Work order
Under this line are the records; repeat exactly the lines starting at the one containing "Sales Engineer, ABC" and ending at the one containing "Урок – исследование", omitting pictures.

Input records
+ + +
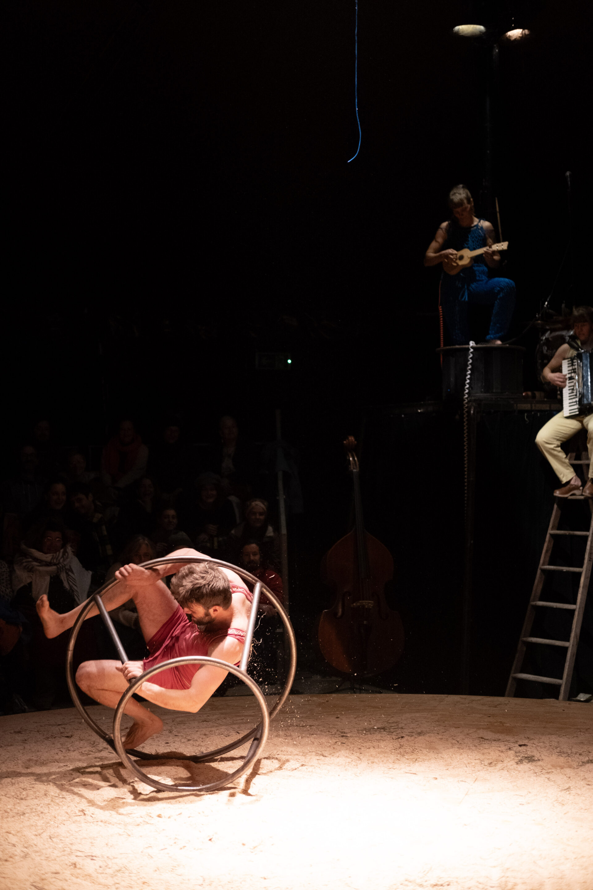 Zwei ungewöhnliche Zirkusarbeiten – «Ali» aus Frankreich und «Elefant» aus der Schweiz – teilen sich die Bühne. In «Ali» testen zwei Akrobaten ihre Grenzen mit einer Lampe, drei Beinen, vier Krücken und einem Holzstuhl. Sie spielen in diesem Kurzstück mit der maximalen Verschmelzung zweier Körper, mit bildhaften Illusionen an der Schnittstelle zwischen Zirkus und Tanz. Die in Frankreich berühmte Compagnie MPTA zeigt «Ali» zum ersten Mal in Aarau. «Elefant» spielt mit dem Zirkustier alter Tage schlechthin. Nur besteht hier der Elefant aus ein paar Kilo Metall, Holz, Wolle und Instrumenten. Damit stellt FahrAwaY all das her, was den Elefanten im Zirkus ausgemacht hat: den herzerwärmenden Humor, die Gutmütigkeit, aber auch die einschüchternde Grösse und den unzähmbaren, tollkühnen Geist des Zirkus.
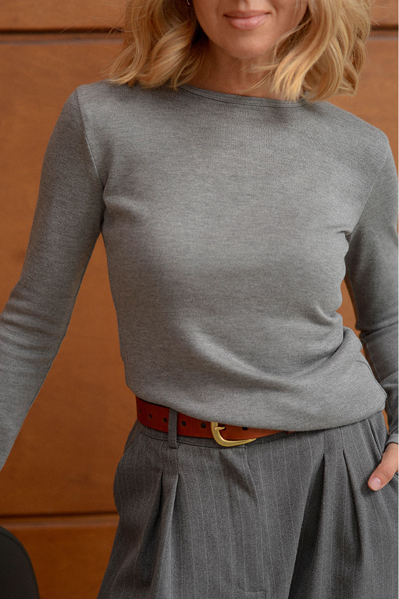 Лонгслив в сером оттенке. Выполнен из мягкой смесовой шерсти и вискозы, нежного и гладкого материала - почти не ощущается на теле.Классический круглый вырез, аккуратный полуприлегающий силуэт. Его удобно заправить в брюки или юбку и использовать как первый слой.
+ + +
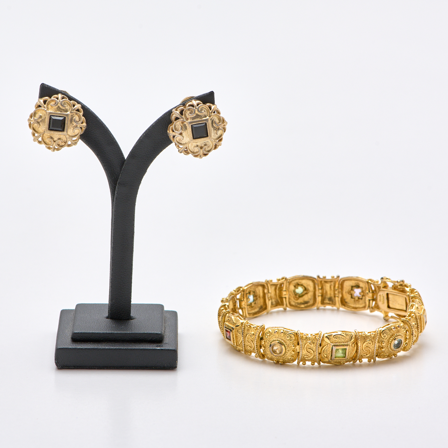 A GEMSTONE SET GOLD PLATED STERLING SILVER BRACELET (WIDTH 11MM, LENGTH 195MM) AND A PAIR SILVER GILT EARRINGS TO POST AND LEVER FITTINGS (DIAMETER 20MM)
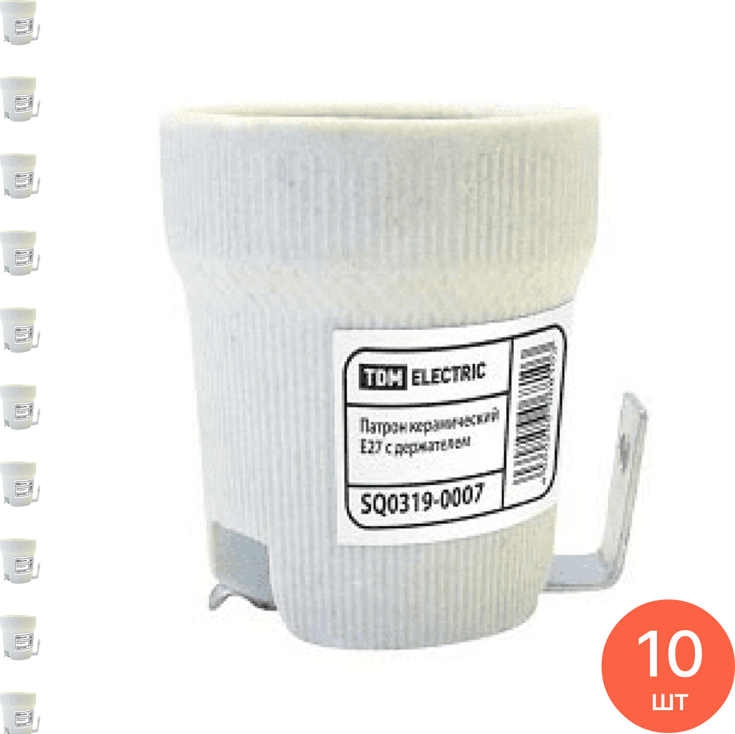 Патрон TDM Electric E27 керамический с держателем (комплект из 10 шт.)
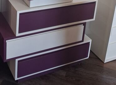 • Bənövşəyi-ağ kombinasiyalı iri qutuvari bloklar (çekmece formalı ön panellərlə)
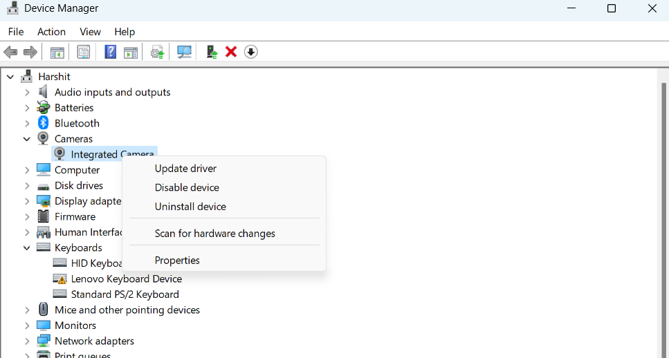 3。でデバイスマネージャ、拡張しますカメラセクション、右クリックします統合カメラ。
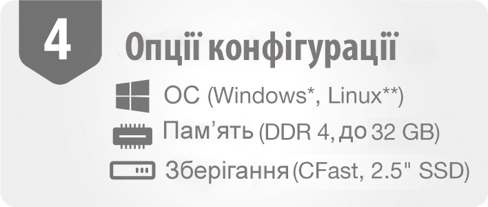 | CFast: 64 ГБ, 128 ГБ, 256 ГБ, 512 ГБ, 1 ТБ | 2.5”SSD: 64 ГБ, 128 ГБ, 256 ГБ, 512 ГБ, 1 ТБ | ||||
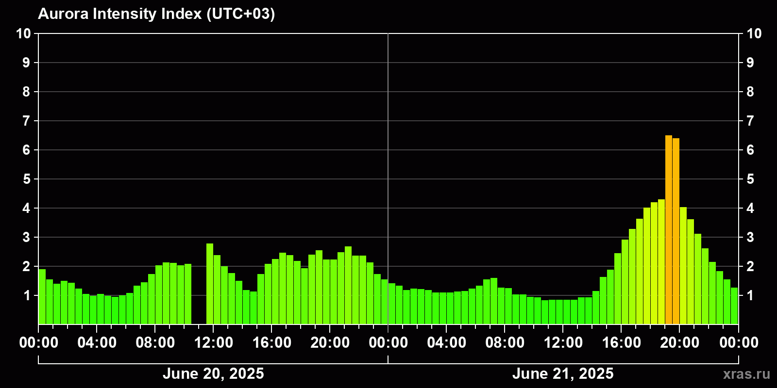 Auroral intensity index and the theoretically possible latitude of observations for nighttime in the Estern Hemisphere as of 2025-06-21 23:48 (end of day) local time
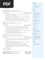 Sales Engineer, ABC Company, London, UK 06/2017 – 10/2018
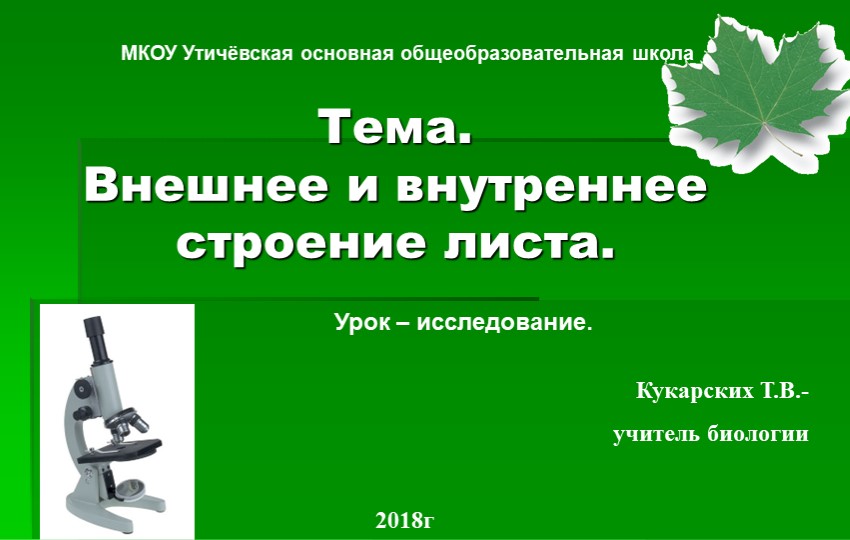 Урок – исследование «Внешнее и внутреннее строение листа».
+ + +
Answer area
 Sales Engineer, ABC Company, London, UK 06/2017 – 10/2018
 Урок – исследование «Внешнее и внутреннее строение листа».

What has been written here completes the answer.